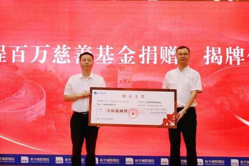 在百万慈善基金启动仪式上,温州和平国际医院分别与温州商学院国际学院、瓯海区侨联、雪君工作室签署“科创基金”协议、“为侨服务”意向合作协议、社区志愿服务医疗机构合作协议。
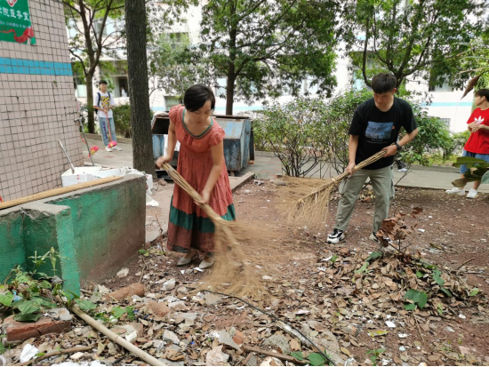 (在书记罗斐、副书记漆在林、学生支部书记夏翠云及各班辅导员的组织带领下同学们积极参与、勤劳苦干、认真打扫环境区卫生)
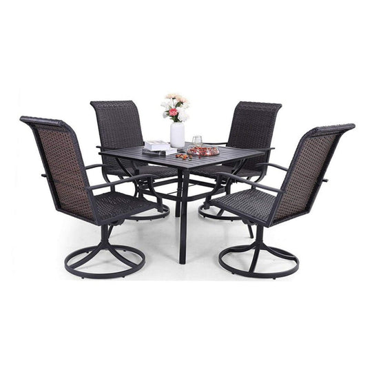 Alora 5-Piece Outdoor Patio Rattan Dining Furniture Set With Swivel Armchairs (91823705)
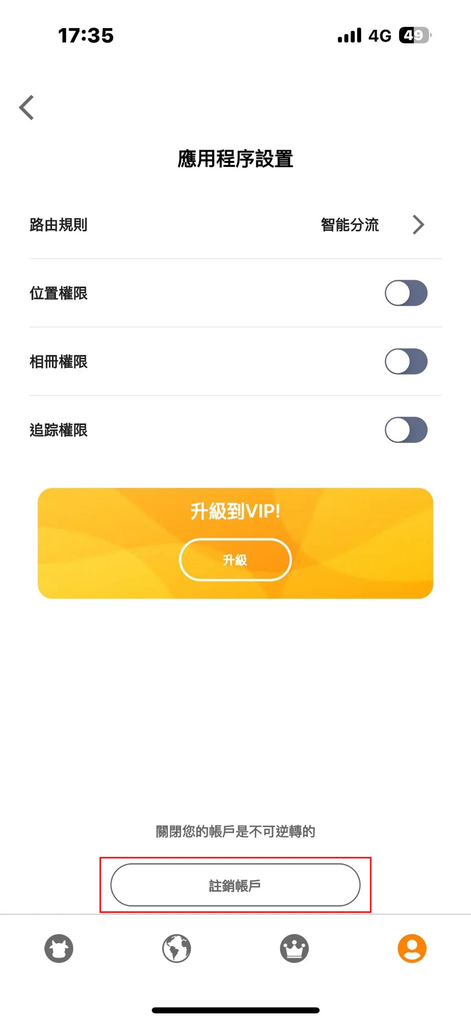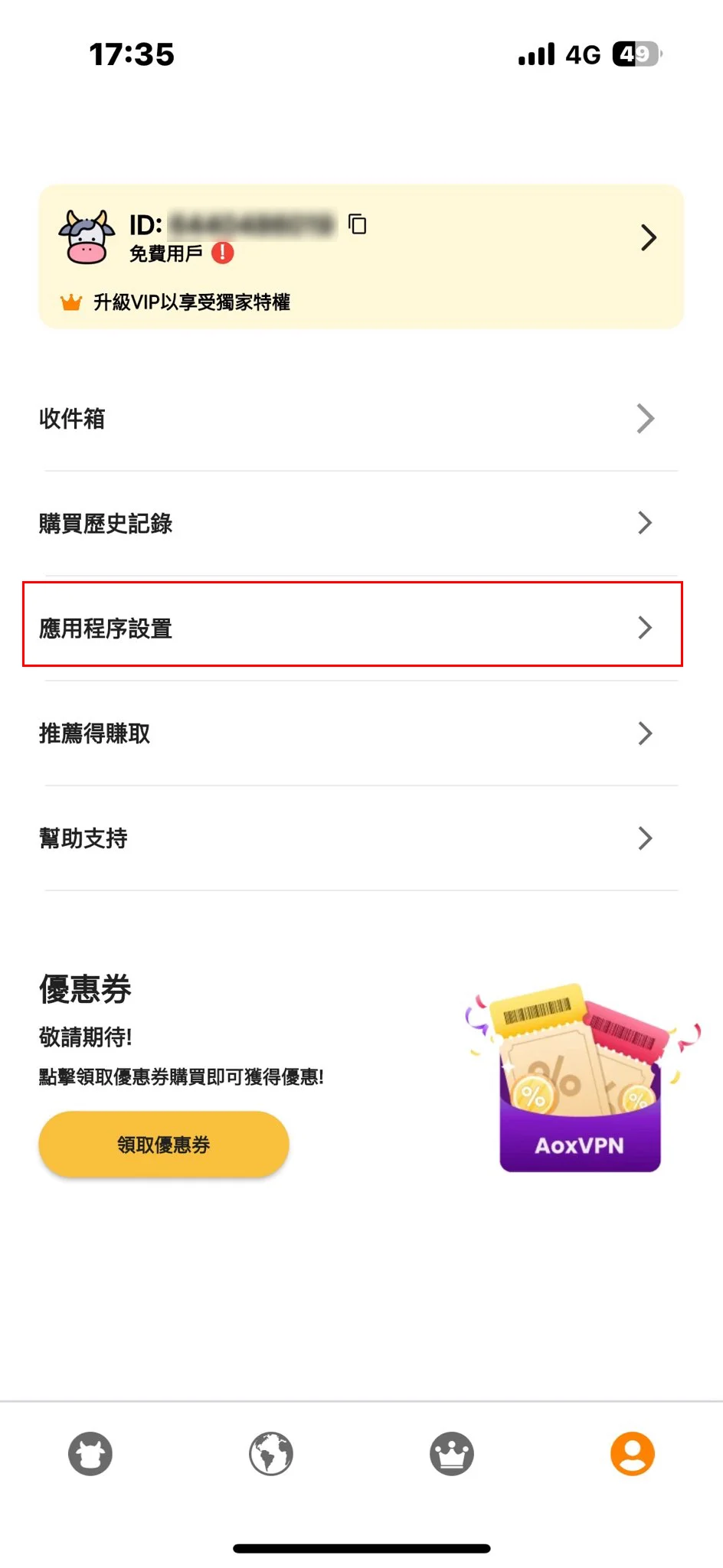在小牛加速器應用程式上,前往帳戶頁面。點選“應用程式設置”。
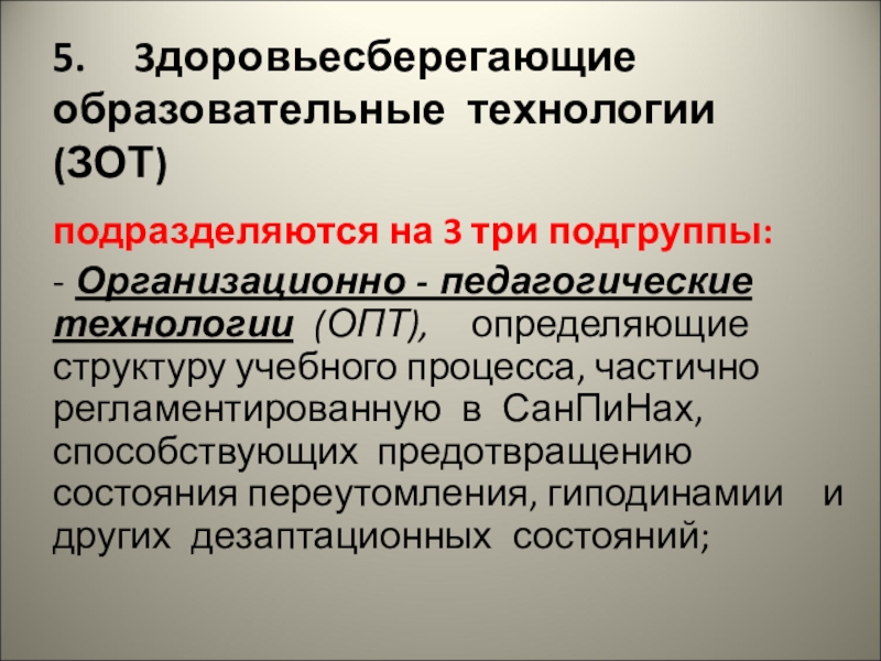 5. 3доровьесберегающие образовательные технологии (ЗОТ)

Instructions for the task -
Write out the entries above verbatim, without pictures.

Result of this task -
 在百万慈善基金启动仪式上,温州和平国际医院分别与温州商学院国际学院、瓯海区侨联、雪君工作室签署“科创基金”协议、“为侨服务”意向合作协议、社区志愿服务医疗机构合作协议。
 (在书记罗斐、副书记漆在林、学生支部书记夏翠云及各班辅导员的组织带领下同学们积极参与、勤劳苦干、认真打扫环境区卫生)
 Alora 5-Piece Outdoor Patio Rattan Dining Furniture Set With Swivel Armchairs (91823705)
在小牛加速器應用程式上,前往帳戶頁面。點選“應用程式設置”。
 5. 3доровьесберегающие образовательные технологии (ЗОТ)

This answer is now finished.